The second learning is that one should really follow the regimen to the letter. I didn't last year and injured myself a couple times. I've been orthodox with the regimen this year and I went through the nine weeks without an issue. The rest days are hugely important.

It's been easier this year and I seem to run faster. Better conditioning (last year's C25K) and, I just about completely stopped alcohol consumption.

As a build over last, this time I'm running for distance whereas last year I ran for time. So, my 5K time is over 40 minutes. I enjoy it and don't really care.

I'll sign off by saying that I'm deeply appreciative of the program. I am also indebted to all those who post here and the history of the posts. With a couple minutes effort you can pretty much find your parallel situation with lots of good advice.

Thanks Cool Running Guys and Gals for putting this program together.'

Says it all really. If Usain Bolt decided to become a marathon runner, I'm pretty sure he'd start at step one.

DawnRun profile image
DawnRun in reply toCarolinemcd

I can't dispute that when one doesn't follow a plan one risks injury. However, this woman has an arthritic ankle and was over weight, she may have got the injury anyway. But yes, its a risk taken, as I said before if you listen to your body you can go at your own pace either slower or faster than the plan. But point taken.

roseabi profile image
roseabi

I can confess to not liking running when I started C25K; I didn't like the jiggling, the huff-puffing, or the sore shins. I wanted to try it to see if I could get into running, because my bones are in need of strengthening. I had seen friends do well with the NHS C25K, and I was interested in online training businesses because I was studying some for my Business Masters degree. I was already fit like you, but I wanted to experience the programme in its entirety so I began at W1 D1, took all the rest days as prescribed, and went right through to the end. I'm still at it over two years later :) I think there are many benefits to following the plan fully, not least the community aspect of it, but I'm in no way suggesting that you must do it all if you don't want to!

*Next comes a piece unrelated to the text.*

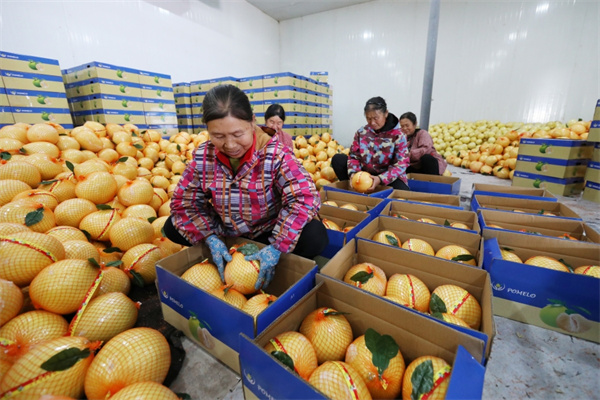 在岑鞏縣民豐果樹種植專業合作社包裝車間,村民們將換上新“裝”的思州柚裝箱。(李昌焯 攝)
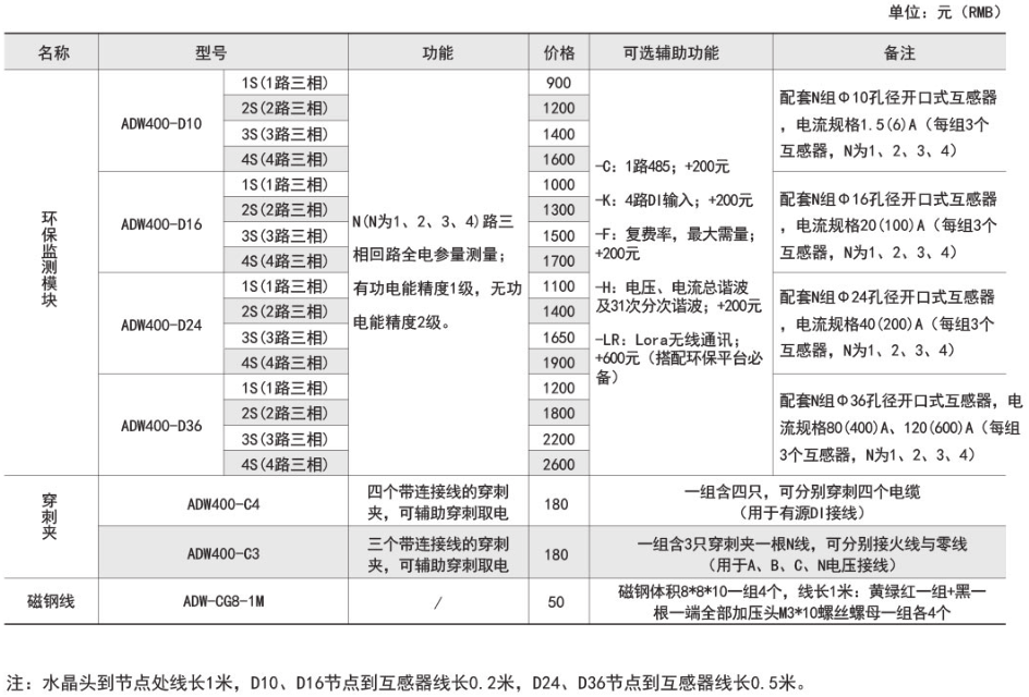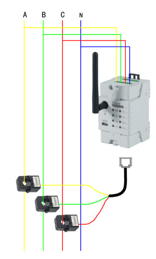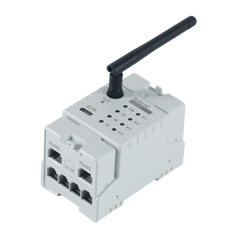 ADW400環保監測模塊主要用于計量低壓網絡的三相有功電能,同時可選擇四個回路的電流輸入,具有RS485通訊和470MHz無線通訊功能,方便用戶進行用電監測、集抄和管理。可靈活安裝于配電箱內,實現對不同區域和不同負荷的分項電能計量,統計和分析。

However, I think that the programme isn't targeting running-phobes like us, but is aiming to get people who do no exercise at all moving. Running was chosen because it's a really cheap, no-excuses method.

The problem with doing exercise you don't enjoy is that it is difficult to keep going with it. The motivations for exercise tend to be a little bit vague. With your dentist you go and get your toothache removed with some short-term pain (OK, I realise there's a more substantial barrier for some people, but still). Or what about your job? You may hate it, but you need to get paid! An exercise plan is sometimes mandatory due to dire medical need, but generally I think it's seen as an ideal, which is easy to brush aside when other things come up.